9. Indemnity. Buyer shall indemnify, defend, and hold harmless netMercury and the Supplier, and their employees, agents, successors, officers, and assigns, from any suits, losses, claims, demands, liabilities, costs and expenses (including attorney and accounting fees) that netMercury or a Supplier may sustain or incur arising from (a) the Buyer's use of the Products purchased hereunder, (b) the Buyers failure to comply with any applicable laws and regulations (including without limitation those regarding the export of products or technology abroad) or to obtain any licenses or approvals from the appropriate government agencies necessary to purchase and use the Products, or (c) the Buyer's breach of any of its obligations set forth in these Terms or in the Agreement; provided, that netMercury provides Buyer with (i) prompt written notice of such claim; (ii) control over the defense and settlement of such claim; and (iii) proper and full information and assistance at Buyer's expense to settle and/or defend any such claim. Notwithstanding the foregoing, Buyer shall not settle any such claim, suit or proceeding without the written consent of netMercury, which shall not be unreasonably withheld.

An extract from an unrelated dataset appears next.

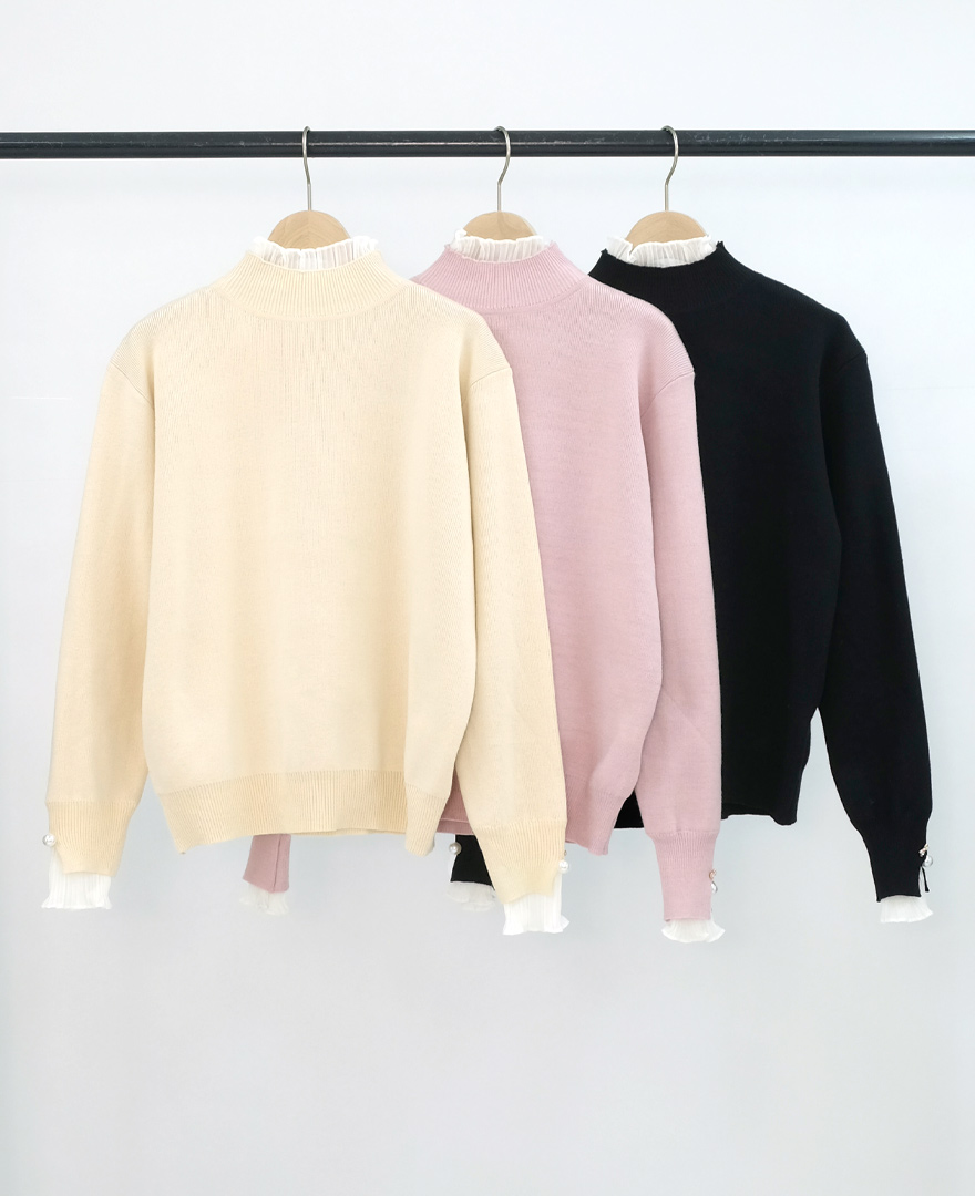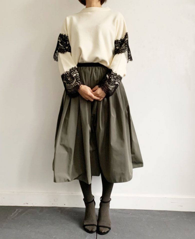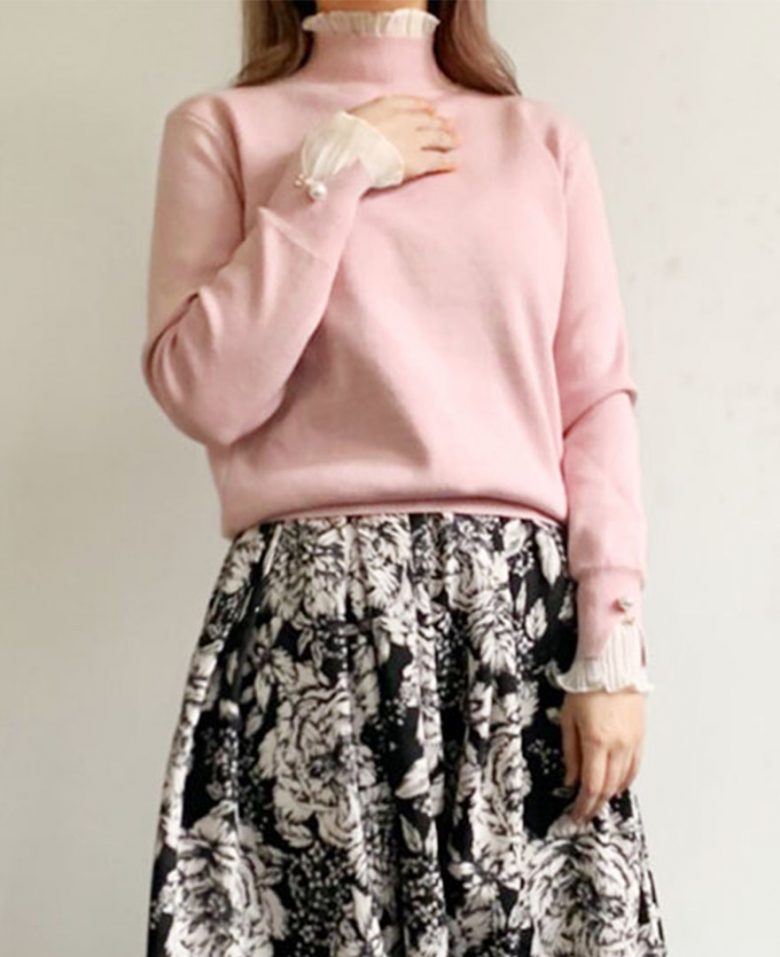ハイネックからちょっとだけ覗くフリルレースが顔周りを華やかに演出してくれます。

10. No Warranty. netMercury provides no warranty with respect to the Products sold hereunder. Buyer will receive a warranty on the Products, if any, directly from the Supplier. Upon the request of the Buyer, netMercury will use best efforts to inform the Buyer of the warranty policy of a particular Supplier, or to direct Buyer to a source of such information. NETMERCURY MAKES NO OTHER WARRANTY, EXPRESS OR IMPLIED, WITH RESPECT TO THE PRODUCTS SOLD HEREUNDER. NETMERCURY EXPRESSLY DISCLAIMS THE IMPLIED WARRANTIES OF MERCHANTABILITY, NONINFRINGEMENT, AND FITNESS FOR A PARTICULAR PURPOSE.

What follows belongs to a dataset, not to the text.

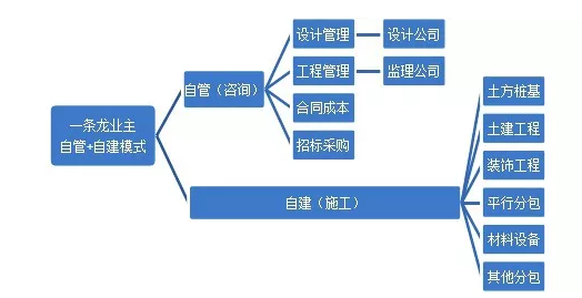 一条龙业主自管+自建模式的优点是,项目推进快,成本透明,市场应变灵活等优点,是在缺乏全过程咨询服务、市场主体诚信不足的条件下,中国开发商创造的优秀项目管理模式,目前为房地产企业所通用。

11. Limitation of Liability. NETMERCURY SHALL NOT BE LIABLE FOR COSTS OF PROCUREMENT OF SUBSTITUTE PRODUCTS OR SERVICES, NOR FOR ANY LOSS OF BUSINESS, LOSS OF USE OR OF DATA, INTERRUPTION OF BUSINESS, LOST PROFITS OR GOODWILL, OR OTHER INDIRECT, SPECIAL, INCIDENTAL, EXEMPLARY OR CONSEQUENTIAL DAMAGES OF ANY KIND ARISING OUT OF THIS AGREEMENT, EVEN IF NETMERCURY HAS BEEN ADVISED OF THE POSSIBILITY OF SUCH LOSS, AND NOTWITHSTANDING ANY FAILURE OF ESSENTIAL PURPOSE OF ANY LIMITED REMEDY. THIS EXCLUSION INCLUDES ANY LIABILITY THAT MAY ARISE OUT OF THIRD-PARTY CLAIMS AGAINST BUYER. NETMERCURY'S TOTAL LIABILITY UNDER THIS AGREEMENT WITH RESPECT TO ANY PRODUCT SOLD HEREUNDER SHALL IN NO EVENT EXCEED THE PRICE PAID BY BUYER FOR SUCH PRODUCT.

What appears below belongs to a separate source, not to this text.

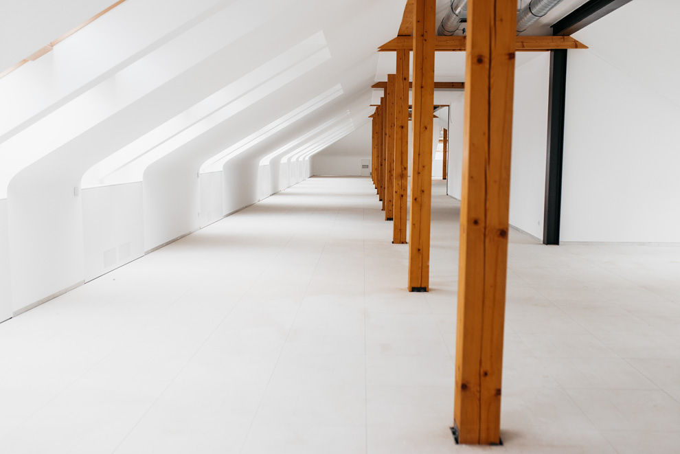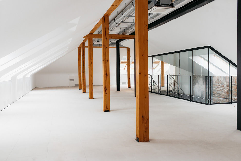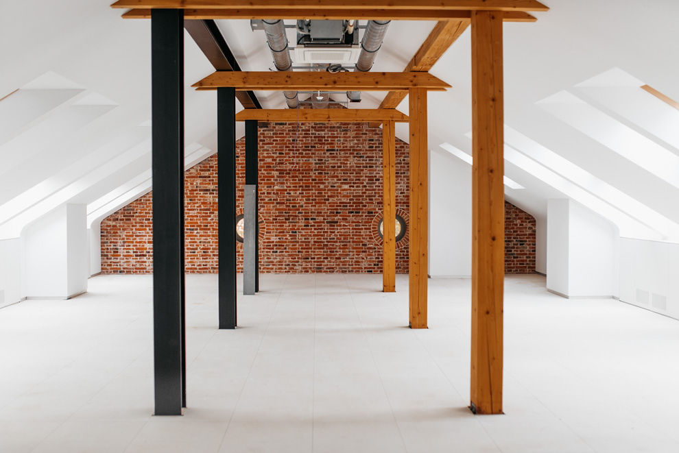 An office space located on the first floor of the Y building combining restored historical construction with modern elements.

12. General. These Terms and performance by the parties hereunder shall be construed in accordance with the laws of the State of California, U.S.A., without regard to provisions on the conflicts of laws. Buyer and netMercury consent to the exclusive jurisdiction of, and venue in, the state and federal courts of the City and County of San Francisco, California, U.S.A. and no other place. Buyer shall not assign its order or any interest therein or any rights thereunder without the prior written consent of netMercury. Neither party shall be liable for delays in performance (or for non-performance) of that party's obligations hereunder as a result of a force majeur; the affected party shall resume performance as soon as reasonably possible. These Terms constitute the entire agreement between netMercury and Buyer and supersede all previous communications, representations and agreements (except for the Agreement), whether oral or written, between the Buyer and netMercury with respect to the subject matter hereof. These Terms may not be modified, supplemented, qualified, or interpreted except in writing signed by Buyer and netMercury. The failure by netMercury to enforce at any time any of the provisions in these Terms will in no way be construed as a waiver of such provisions.